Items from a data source
=== Begin Enclosure ===

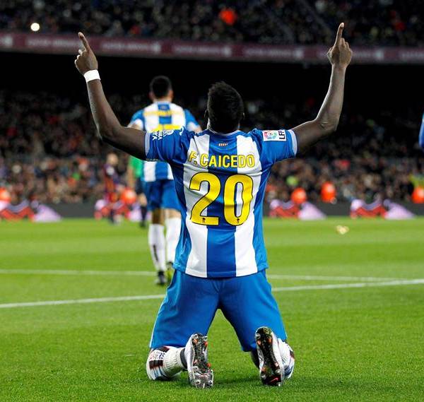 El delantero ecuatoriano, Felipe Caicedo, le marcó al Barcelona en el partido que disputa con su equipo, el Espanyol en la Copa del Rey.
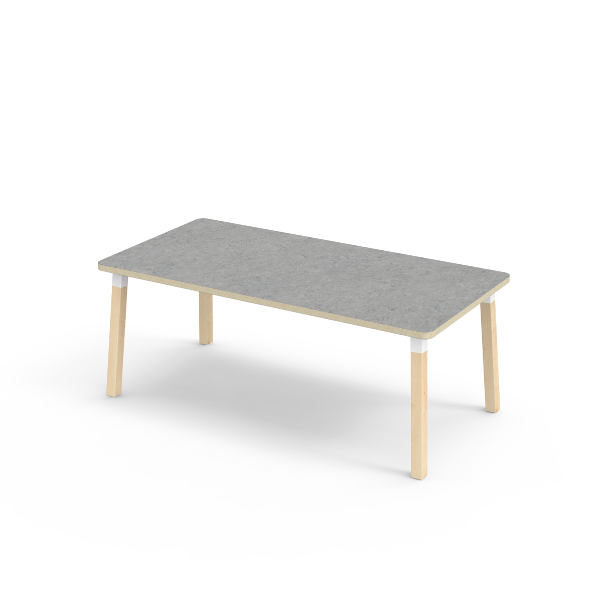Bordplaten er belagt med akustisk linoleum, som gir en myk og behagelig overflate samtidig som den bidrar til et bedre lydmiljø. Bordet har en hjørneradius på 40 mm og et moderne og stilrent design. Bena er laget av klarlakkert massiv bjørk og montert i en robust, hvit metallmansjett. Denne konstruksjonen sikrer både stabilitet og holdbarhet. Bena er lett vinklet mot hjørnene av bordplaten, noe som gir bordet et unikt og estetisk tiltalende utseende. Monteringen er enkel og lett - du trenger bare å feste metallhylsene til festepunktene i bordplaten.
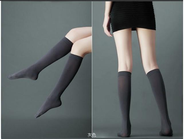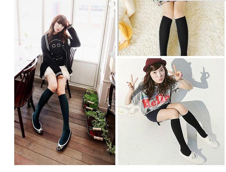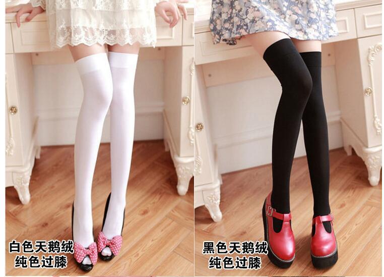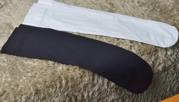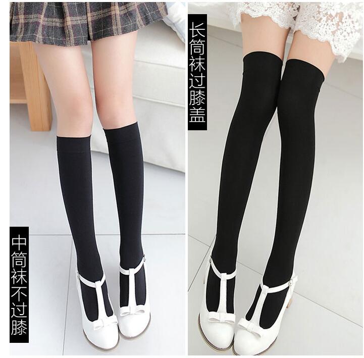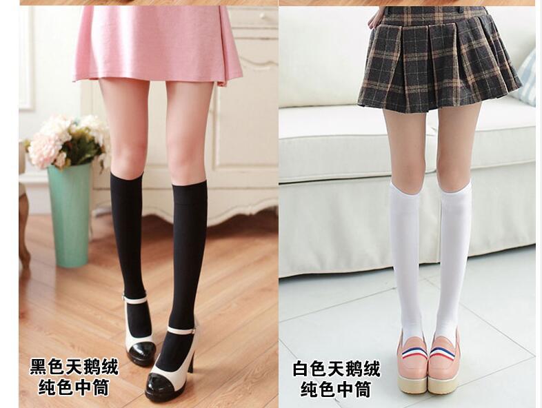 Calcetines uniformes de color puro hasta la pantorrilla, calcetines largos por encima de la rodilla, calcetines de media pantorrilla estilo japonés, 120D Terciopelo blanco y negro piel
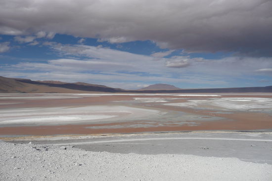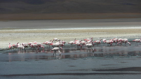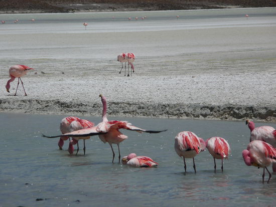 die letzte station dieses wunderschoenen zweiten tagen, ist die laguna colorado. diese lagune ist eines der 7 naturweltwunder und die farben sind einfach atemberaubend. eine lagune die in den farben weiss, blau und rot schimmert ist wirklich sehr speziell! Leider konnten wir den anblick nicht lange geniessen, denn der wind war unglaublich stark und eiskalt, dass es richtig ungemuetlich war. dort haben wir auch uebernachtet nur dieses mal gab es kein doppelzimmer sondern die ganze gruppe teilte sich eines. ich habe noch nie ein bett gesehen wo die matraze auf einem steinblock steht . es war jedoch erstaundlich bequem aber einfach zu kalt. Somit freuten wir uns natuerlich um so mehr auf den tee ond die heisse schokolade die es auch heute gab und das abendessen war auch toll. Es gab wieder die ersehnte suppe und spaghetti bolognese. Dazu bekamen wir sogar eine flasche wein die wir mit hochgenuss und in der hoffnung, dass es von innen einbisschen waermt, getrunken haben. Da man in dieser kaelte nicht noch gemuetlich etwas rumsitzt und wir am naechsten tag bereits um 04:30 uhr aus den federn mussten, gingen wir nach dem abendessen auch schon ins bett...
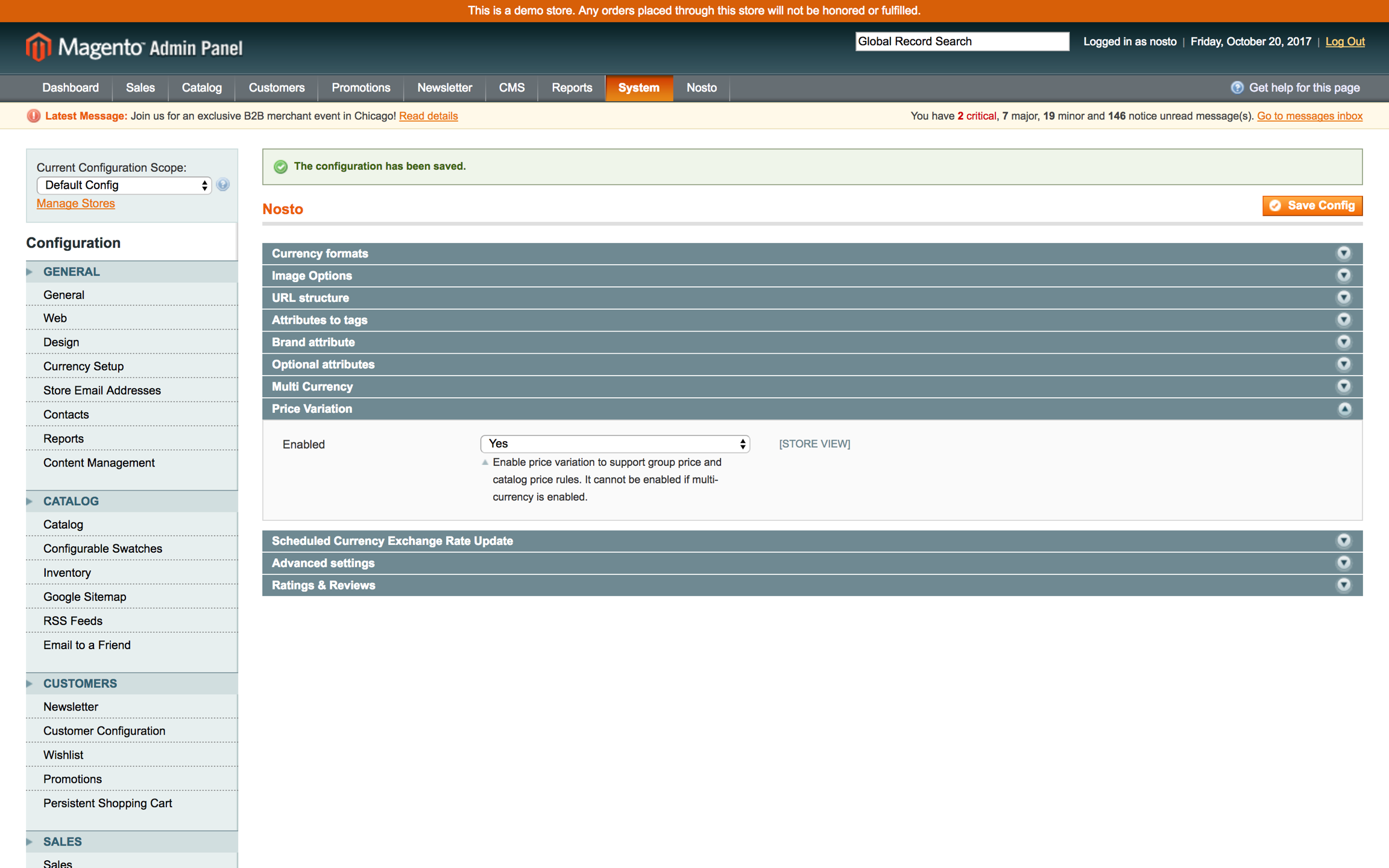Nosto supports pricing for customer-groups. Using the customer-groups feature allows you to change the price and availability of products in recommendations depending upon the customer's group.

=== End Enclosure ===

Task details:
Starting at the line with "Calcetines uniformes de", reproduce exactly each line through the end of the entries, including the first and the last, and skip the pictures.

Solution to this exercise:
 Calcetines uniformes de color puro hasta la pantorrilla, calcetines largos por encima de la rodilla, calcetines de media pantorrilla estilo japonés, 120D Terciopelo blanco y negro piel
 die letzte station dieses wunderschoenen zweiten tagen, ist die laguna colorado. diese lagune ist eines der 7 naturweltwunder und die farben sind einfach atemberaubend. eine lagune die in den farben weiss, blau und rot schimmert ist wirklich sehr speziell! Leider konnten wir den anblick nicht lange geniessen, denn der wind war unglaublich stark und eiskalt, dass es richtig ungemuetlich war. dort haben wir auch uebernachtet nur dieses mal gab es kein doppelzimmer sondern die ganze gruppe teilte sich eines. ich habe noch nie ein bett gesehen wo die matraze auf einem steinblock steht . es war jedoch erstaundlich bequem aber einfach zu kalt. Somit freuten wir uns natuerlich um so mehr auf den tee ond die heisse schokolade die es auch heute gab und das abendessen war auch toll. Es gab wieder die ersehnte suppe und spaghetti bolognese. Dazu bekamen wir sogar eine flasche wein die wir mit hochgenuss und in der hoffnung, dass es von innen einbisschen waermt, getrunken haben. Da man in dieser kaelte nicht noch gemuetlich etwas rumsitzt und wir am naechsten tag bereits um 04:30 uhr aus den federn mussten, gingen wir nach dem abendessen auch schon ins bett...
Nosto supports pricing for customer-groups. Using the customer-groups feature allows you to change the price and availability of products in recommendations depending upon the customer's group.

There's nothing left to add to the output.